What an AI-Ready MBA Means for Aspirants Today
For readers comparing programs, the useful question is not whether a curriculum mentions AI, but how it prepares you to apply technology to business problems. When evaluating a one-year MBA or PGPM, it is worth examining exposure to AI and analytics, the strength of the business analytics curriculum, case-based and experiential learning, industry interaction, cross-functional projects, consulting exposure, and opportunities to work on real business problems.
The Indian context underlines the point. According to figures cited by the Government of India’s Press Information Bureau, the NASSCOM AI Adoption Index scored India at 2.45 out of 4 in December 2025, with 87% of surveyed enterprises actively using AI solutions. Demand for professionals who can pair business understanding with AI fluency is widening, not narrowing.
This is where a program’s track record matters. The Great Lakes Institute of Management PGPM is designed to prepare graduates for an AI-led management profession, backed by a long pattern of curriculum innovation. Great Lakes was the first Indian business school to introduce Business Analytics as a major (2013), the first to offer Artificial Intelligence and Machine Learning as specialisations (2018), and has since built Generative AI, AR and VR into its learning pedagogy (2024). For experienced professionals who want cross-functional management skills alongside genuine AI and analytics exposure, that combination is exactly what an AI-ready program should provide.
Conclusion
The manager of the AI era does not need to build AI systems. They need to understand how AI can be applied to solve business problems, improve decisions and create value. That is a management skill, not a technical one.
For one-year MBA and PGPM aspirants, the takeaway is straightforward. The professionals who stand out will be those who combine management knowledge, business understanding, AI fluency and human judgement. As AI becomes a standard part of how businesses operate, that combination is likely to define what employers expect from their next generation of managers.
Frequently Asked Questions
Is AI important for MBA graduates?
Yes. AI is now used across most business functions, so managers increasingly need to understand how to apply it. MBA graduates do not need technical AI skills, but AI fluency — knowing where AI helps and how to interpret its output — is becoming a valuable complement to core management capabilities.
How is AI used in management?
Managers use AI to support data analysis, forecasting, market research, content creation, process automation and decision-making. The manager’s role is to frame the business problem, interpret AI-generated insights, apply judgement and decide on action — combining AI outputs with commercial reasoning rather than accepting them at face value.

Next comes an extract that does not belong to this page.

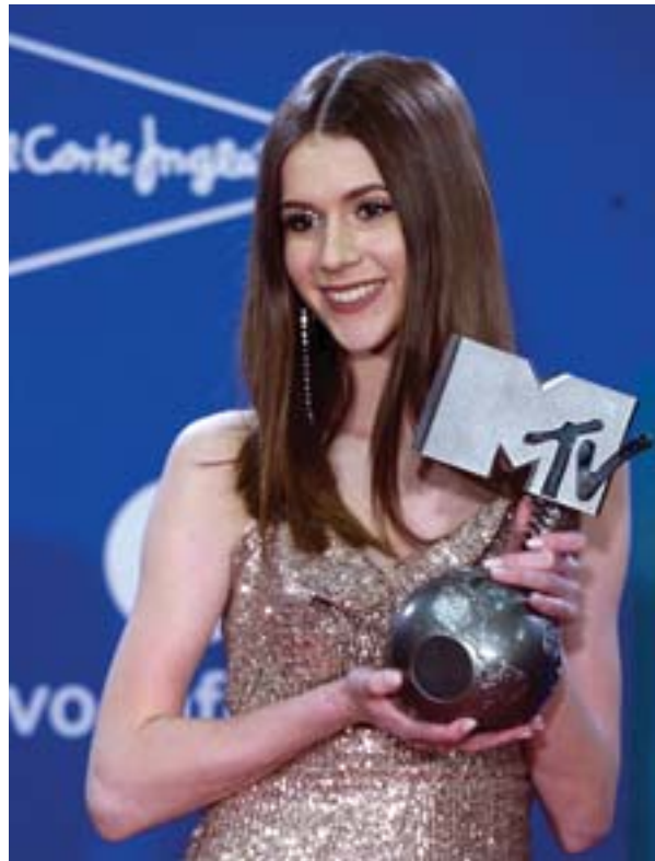
Polish singer Roksana Węgiel

What AI skills should MBA students learn?
MBA students benefit from AI and data literacy, prompt-writing for research and analysis, business problem framing, critical thinking, and responsible AI awareness covering bias, privacy and human oversight. The ability to collaborate with data and technology teams is equally valuable for turning business needs into practical solutions.
Can a one-year MBA prepare students for AI-driven careers?
A well-designed one-year MBA can help experienced professionals build cross-functional management skills alongside AI and analytics exposure within a shorter timeline. Outcomes depend on program quality and individual effort, so aspirants should examine the curriculum, experiential learning and industry interaction rather than program length alone.
Which business functions use AI?
AI is increasingly explored across marketing, finance, consulting and strategy, operations, human resources, sales, product management and supply chain. Applications range from customer segmentation and forecasting to demand planning and talent analytics, though adoption varies widely by organisation and remains early-stage in many companies.